Comment by frozenlettuce
9 months ago
I don't know why people take UB seriously. He never provided proof of any work experience - he claims to have worked for just a single company that... never shipped any code into production. Even his code examples on GitHub are just snippets, not even a to-do app (well, I think that his style of "just one thing per function" works as a self-fulfilling prophecy).
Maybe people like him are the reason why we have to do leet code tests (I don't believe he would be capable of solving even an easy problem).
Uncle Bob is one of the core contributors to Fitnesse, which had moderate success in the Java popularity era back in the day.

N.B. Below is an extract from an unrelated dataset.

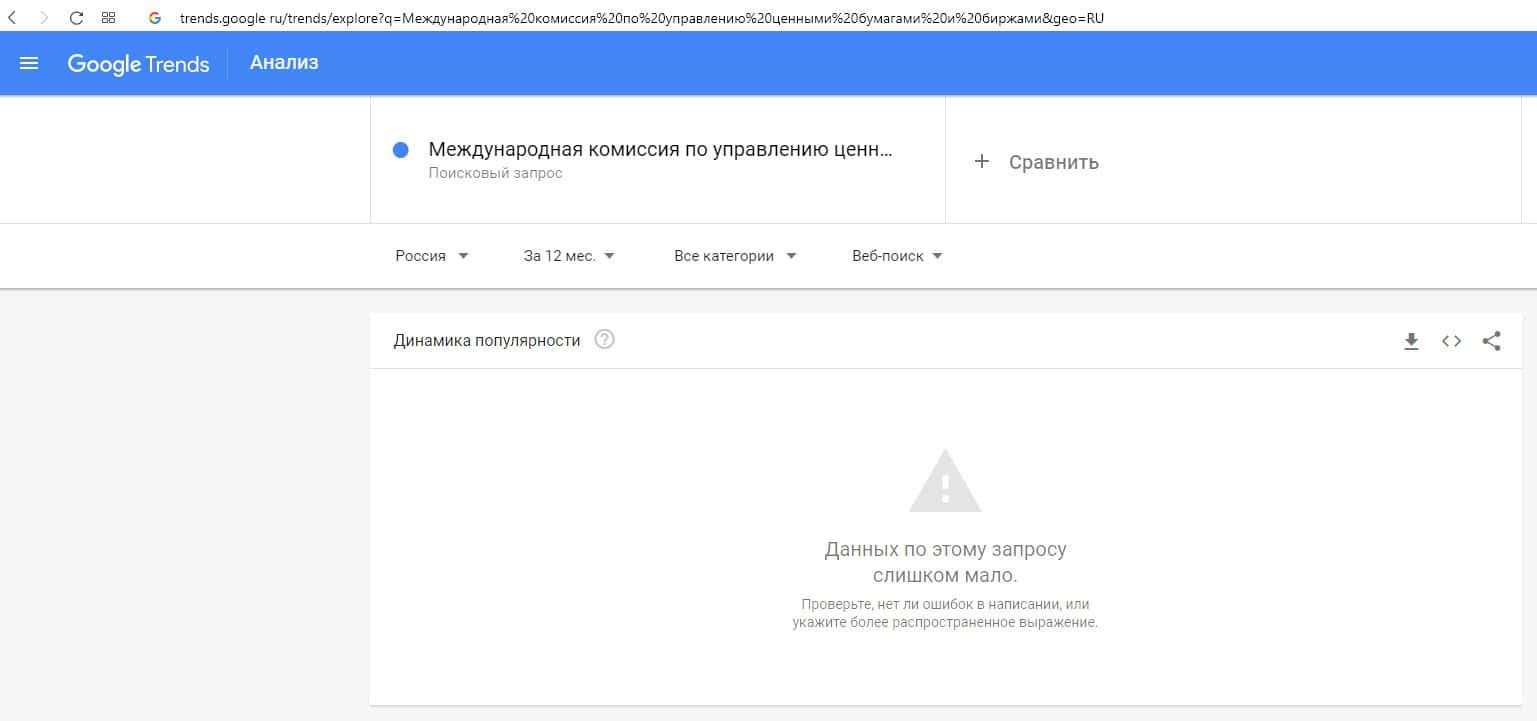 О запросах по бренду полного названия компании на русском языке "Международная комиссия по управлению ценными бумагами и биржами" на Гугл Трендс нет данных.

Also, you do understand that people worked as software engineers even before Github became popular, or open sourcing to begin with, do you? So if someone is 60+ year old, chances are that most of his work has never been open sourced, and his work was targeting use cases, platforms, services which have no utility in this age any more.
Which have all nothing to do with how good a software engineer someone is.

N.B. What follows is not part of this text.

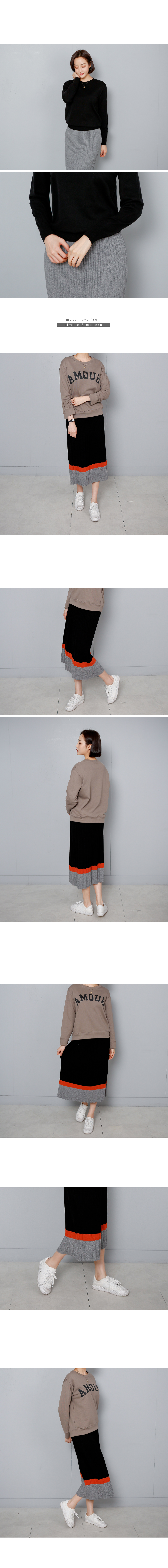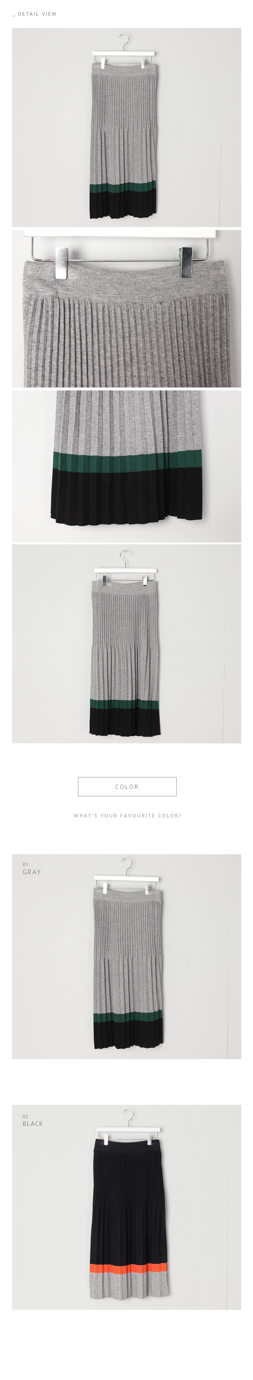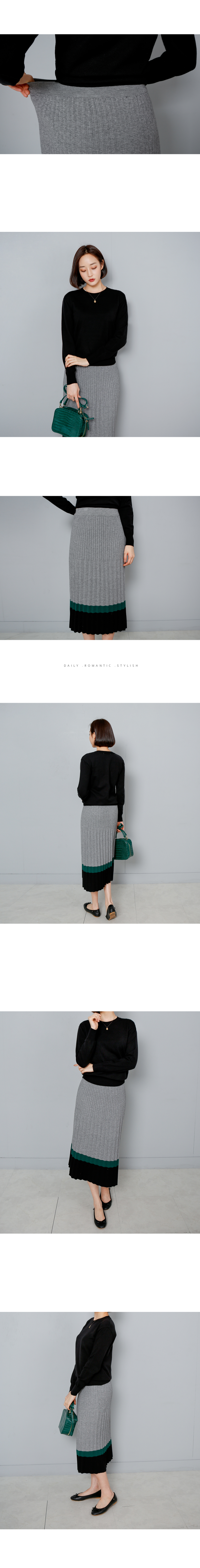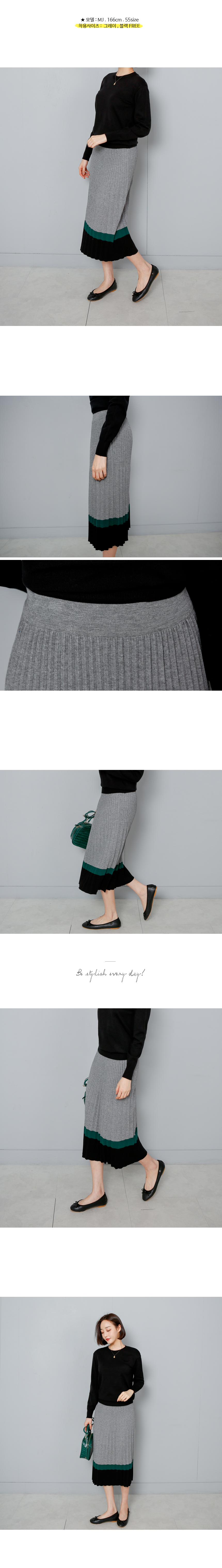 플리츠 컬러 배색 니트 스커트

And finally, do you have any proof that he never shipped any code into production?
> So if someone is 60+ year old, chances are that most of his work has never been open sourced,
John Ousterhout is 70 years old and one of the open source pioneers. We don't know what Uncle Bob shipped or did not ship but his friendly opponent in this discussion definitley did ship high profile projects.
I'm 72. As for what I have shipped over the half-century of my career, you can read all about that in part two of my book We, Programmers. Suffice it to say I've shipped a LOT of code.

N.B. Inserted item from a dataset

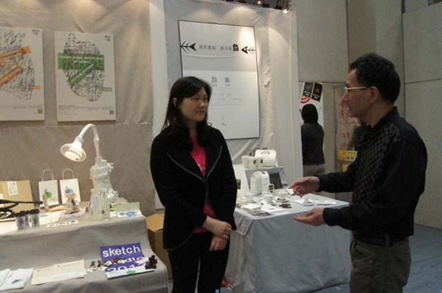 叶青副处长(右一)在郑顺利副书记(左一)的陪同下参观我院毕业生作品汇报展

Do you mean commits to the project like this crap: https://github.com/unclebob/fitnesse/commit/d6034080a04c740c...
This level of pointless obfuscation would not survive a code review at any sane dev team.
It's the kind of commit that you get from someone that wants to look productive but is just renaming variables in their IDE.
The criticism was that UB worked at a company that allegedly didn’t ship code to production, not that he doesn’t have a corpus of open source projects on GitHub.
> So if someone is 60+ year old, chances are that most of his work has never been open source
Somewhat ageist? I'm 72 and have produced a number of FOSS tools.
Truly. I know plenty of people in their 60s and 70s who use Git and are still very sharp programmers.